Nationwide Wi-Fi a Success in Macedonia

By Naomi Graychase

December 22, 2006

The hardest part about unwiring the schools of an entire country is changing the rules of the game.

What began as an attempt to get more computers (and Internet access) into schools in Macedonia [perhaps technically known as the Former Yugoslav Republic Of Macedonia (FYROM), as per the United Nations, until the country and Greece work out their differences; the U.S. Government, however, recognizes the country as the Republic of Macedonia - edited 1/9/07], has become, through the unlikely pairing of American dollars and Chinese computers, a successful deployment of a nationwide broadband wireless network. The network is revolutionary, not simply because it is considered the largest hotspot in the world, but because of its impact on the economy and culture of the country it connects.

The project began three years ago, as part of USAID's e-Schools Project. Initially, 460 primary and secondary schools in the country were to receive a total of 5300 computers donated by the People's Republic of China. To accommodate the new computers, labs were built in each of the schools. Once the computers had arrived and the labs were built, however, the problem of getting online presented a daunting challenge.

Because of the mountainous terrain, the vast distances between schools, and the sky-high prices being charged by the existing broadband operator, a creative solution was in order. Glenn Strachan, Senior ICT Specialist in Broadband Wireless Technology for AED, was brought in to direct the project.

"I had just done wireless in Romania and Uganda," says Strachan, who has thirty years of IT experience under his belt. "When you looked at the schools on the map, you were really everywhere in the country. So, I suggested that we look at it as a nationwide connectivity project."

While the original goal was only to deliver Internet connectivity to the schools, Strachan says, "it would have been an abject failure" because of the monopoly held by one provider. Basic Internet service was costing subscribers 120 euro per month. The answer was to start, not by building towers, but by changing the laws that governed the telecom business in the country.

"There was no competition to the incumbent," says Strachan. "It was predatory. It was putting out of business anyone who tried to compete against it. There were ISPs in business, but they were just barely in business. If we did a competitive selection of the five that existed, and we guaranteed them a funding base, achieved through the connectivity to 460 schools, that's 545 total sites -- a $2.5 million pool that we could use to help capitalize the selected ISP. This would give them enough income to build out the backbone of their network, and in exchange, we traded service provisioning for 24 months."

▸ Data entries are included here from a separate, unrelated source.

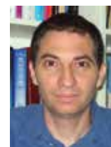
פרופ' ברק מדינה, הפקולטה למשפטים, האוניברסיטה העברית בירושלים

הזכות החוקתית לשוויון היא אבן יסוד של המשפט החוקתי ובה בעת אחת הסככות והשנויות במחלוקת. בין היתר אין הסכמה מהי הפליה, ולפיכך אילו אמות מידה להבחנה בין אנשים ("תבחינים") נחשבות מפלות. היה מקובל לסבור שיש להבחין בין שוויון מינהלי ובין שוויון חוקתי, אך פסיקת בית המשפט העליון מן השנים האחרונות מאופיינת במידה רבה בטשטוש ההבחנה הזו. התוצאה היא אי בהירות אשר לתוכנה של הזכות החוקתית לשוויון. ההבחנה המסורתית היא בין שני מובנים של האיסור להפלות. מובן אחד הוא החובה הכללית – לעיתים היא מכונה "החובה המינהלית" – לנהוג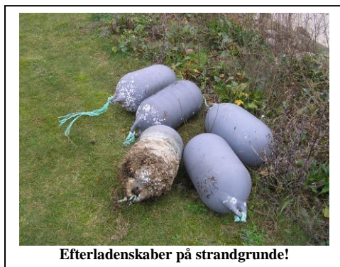
Efterladenskaber på strandgrunde!

Muligheden for at etablere fjernvarme har tidligere været vurderet i Knebel, men uden realisering. Kommunen lægger i sin varmeplan op til, at der findes en samarbejdspartner, der ønsker at lave en vurdering af mulighederne for at etablere en eller anden form for kollektiv forsyning baseret på CO2 neutrale brændsler. Der ønskes også en vurdering af en kobling til Tved og Vrinners. Plan & Energi APS har taget tråden op og forelagt et oplæg for kommunen og Borgerforeningen. Bestyrelsen har haft to møder med Plan & Energi. Der ventes nu på at kommunen indkalder til off. møde om sagen!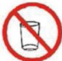
COPOS DE VIDRO GLASSES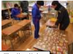
数学 買い物の仕方

谷川俊太郎の「生きる」を題材に、生徒が書いた内容を抜粋。生徒の豊かな感性がうかがえます。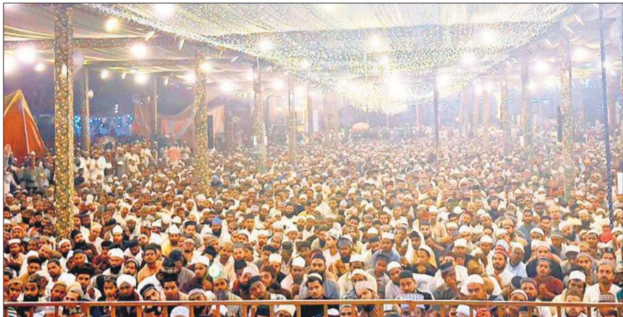
मथुरापुर में मदरसे में ताजुशरिया के कुल शरीफ के मौके पर मौजूद अकीदतमंद।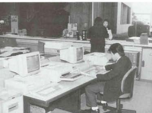
▲コンピュータ導入により、窓口サービスの向上がはかれます。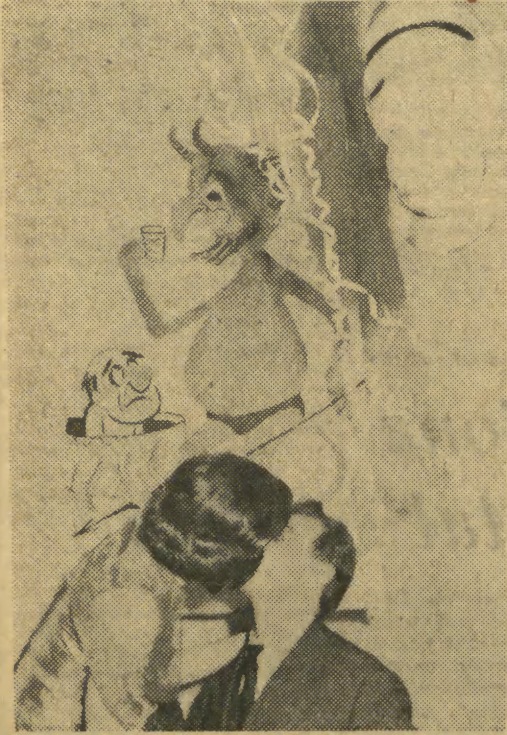
Sylwestrowy pocałunek nie jest grzechem. Wymowna symbolika dekoracji nikogo nie przeraża.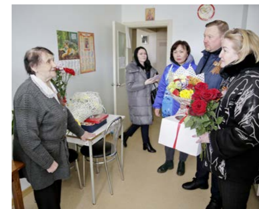
Члены партии «Единая Россия» поздравили ветерана с Днём Победы, 2022 год

Дедушка нам плёл лапти из липовой коры. Потом ходили учиться в соседнюю деревню - там «семилетка» была. Даст мама мешок картошки и трёхлитровый бидон молока на неделю: утром отваришь картошки, поешь, в обед тоже картошка и стакан молока, на ужин так же. Я так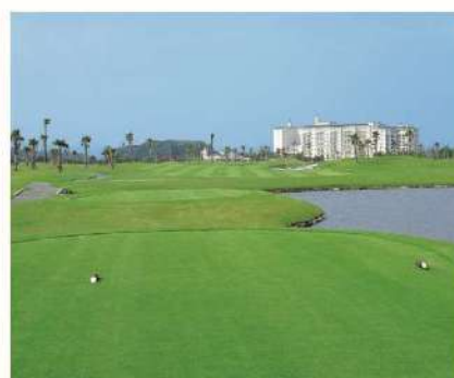
グランディ浜名湖ゴルフクラブ

ゴルフ場やプール、エステ、ジム、テニスコートなど、ホテル内での過ごし方もさまざまです。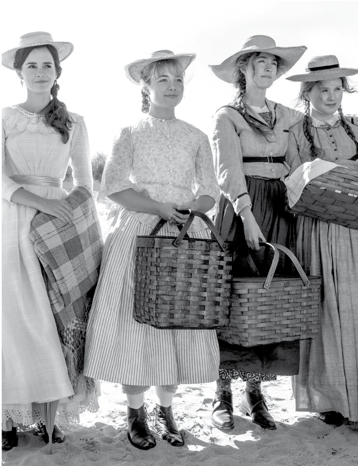
Fotograma Mujercitas (Greta Gerwig, 2019)

Before Strachan and AED arrived, a Macedonian entrepreneur had very few options for funding his or her potential WISP.

"They couldn't go to a bank with a business plan and get a loan," says Strachan. "In Macedonia, there is no concept of that. What loans you can get are at 40% or 50% interest. So the owner of an ISP couldn't say look, there's this new thing called wireless and we're gonna make a go of it. So, we helped fund that growth. We established a competitive process and designed an RFP where we outlined exactly what we wanted: the provisioning of services, the location of the schools. We didn't tell how much we'd pay, but said they had to be competitive and create a business plan that suggested sustainability. Our goal was to create competition and a sustainable solution."

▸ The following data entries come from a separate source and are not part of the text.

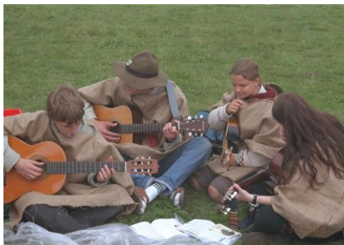
Für Lager und Fahrten,

Um pfadfinderisches Leben zu verwirklichen, benötigen wir finanzielle Mittel.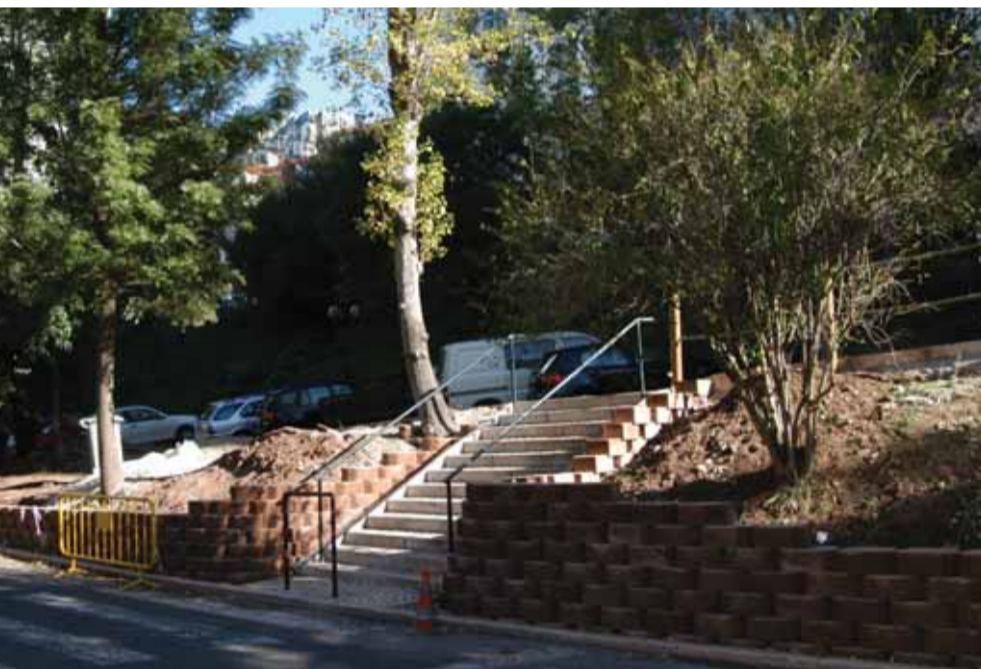
Rua Tenente General Zeferino Sequeira, Carnaxide

No âmbito das 'Áreas Plano' estão em curso as seguintes obras: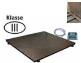
KPZ 2 M Ex Plošinová váha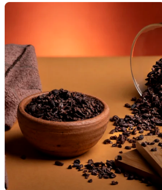
NIBS DE CACAO TOSTADO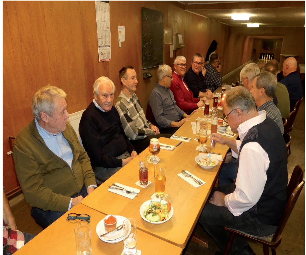
Adventskegeln der Indiacca-Gruppe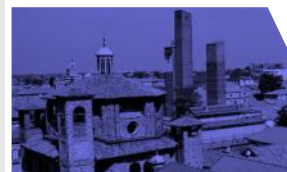
Pavia, le Torri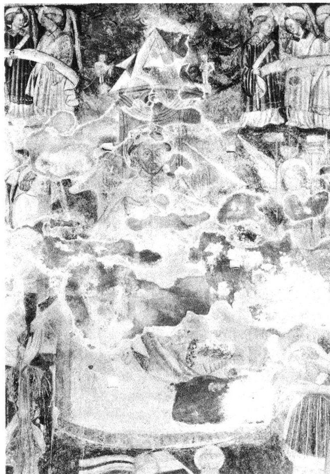
1 Campione, Santa Maria dei Ghirli. Cristo Giudice.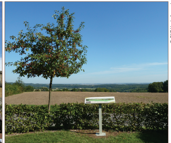
Table de lecture du paysage

Once the law was changed and competition became possible, four vendors offered proposals. The winning proposal came from On.net who announced plans to use equipment from Strix Systems for the deployment in Skopje in December, 2005. USAID paid for Motorola Canopy for backhaul, which Strachan says reachs 95% of the country [added 1/9/2007]. Within four months the entire network was up and running. Since winning the contract, On.net has gone from 24 staff to 75.

"On.net had to hire 300 people to do the install," says Strachan. "It was pretty amazing."

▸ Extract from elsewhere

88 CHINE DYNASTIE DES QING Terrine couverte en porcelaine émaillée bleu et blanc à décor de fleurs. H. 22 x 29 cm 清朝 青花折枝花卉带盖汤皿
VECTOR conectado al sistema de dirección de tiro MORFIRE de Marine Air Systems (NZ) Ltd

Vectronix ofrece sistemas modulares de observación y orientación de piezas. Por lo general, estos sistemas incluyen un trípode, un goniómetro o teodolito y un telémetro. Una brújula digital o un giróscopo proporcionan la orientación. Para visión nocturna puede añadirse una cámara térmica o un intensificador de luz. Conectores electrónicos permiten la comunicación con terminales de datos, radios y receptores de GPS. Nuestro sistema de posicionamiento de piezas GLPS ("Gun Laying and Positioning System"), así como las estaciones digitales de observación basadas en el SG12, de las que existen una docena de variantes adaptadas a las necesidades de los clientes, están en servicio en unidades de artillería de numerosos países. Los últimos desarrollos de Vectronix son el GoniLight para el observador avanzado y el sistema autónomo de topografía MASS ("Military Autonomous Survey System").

Since the network went live, nationwide Internet use has risen dramatically.

"In May 2006, we did a survey and we found out that the Internet penetration rate went from 4% to 14% home use," says Strachan. "Not only did people start using wireless, but they started using all five ISPs because everyone had to reduce their pricing structure. On.net became the lowest cost provider, so the monopoly cut its prices by 90%. So now, we have a 10GB download account in Macedonia for 10 euro (about $12.20). We've gone from an outlandishly expensive network, to something that people can afford. Once they can afford it, they can use it."

Phase Two of the project focuses on training the teachers and students who will use the network in the schools, raising awareness within the general population, and adding 95 more sites including NGOs and hospitals across the country.

In Phase Three, AED will teach the schools how to afford to maintain the network and how to sell the services at night. The USAID-funded project, which covers 95% of the country, officially ends on September 30th, 2007.

"Our ultimate goal was to create a sustainable solution," says Strachan, whose work on the Macedonia project ended in October. "If we'd only focused on the schools, it would not have been sustainable. Now the schools can afford it, and they don't have to pay for it until October 2007."

Naomi Graychase is a freelance writer based in Northampton, Massachusetts. For more than a decade she has covered consumer electronics and personal and business computing. Her work has appeared in the New York Times, CNet, and SmartComputing, among many others.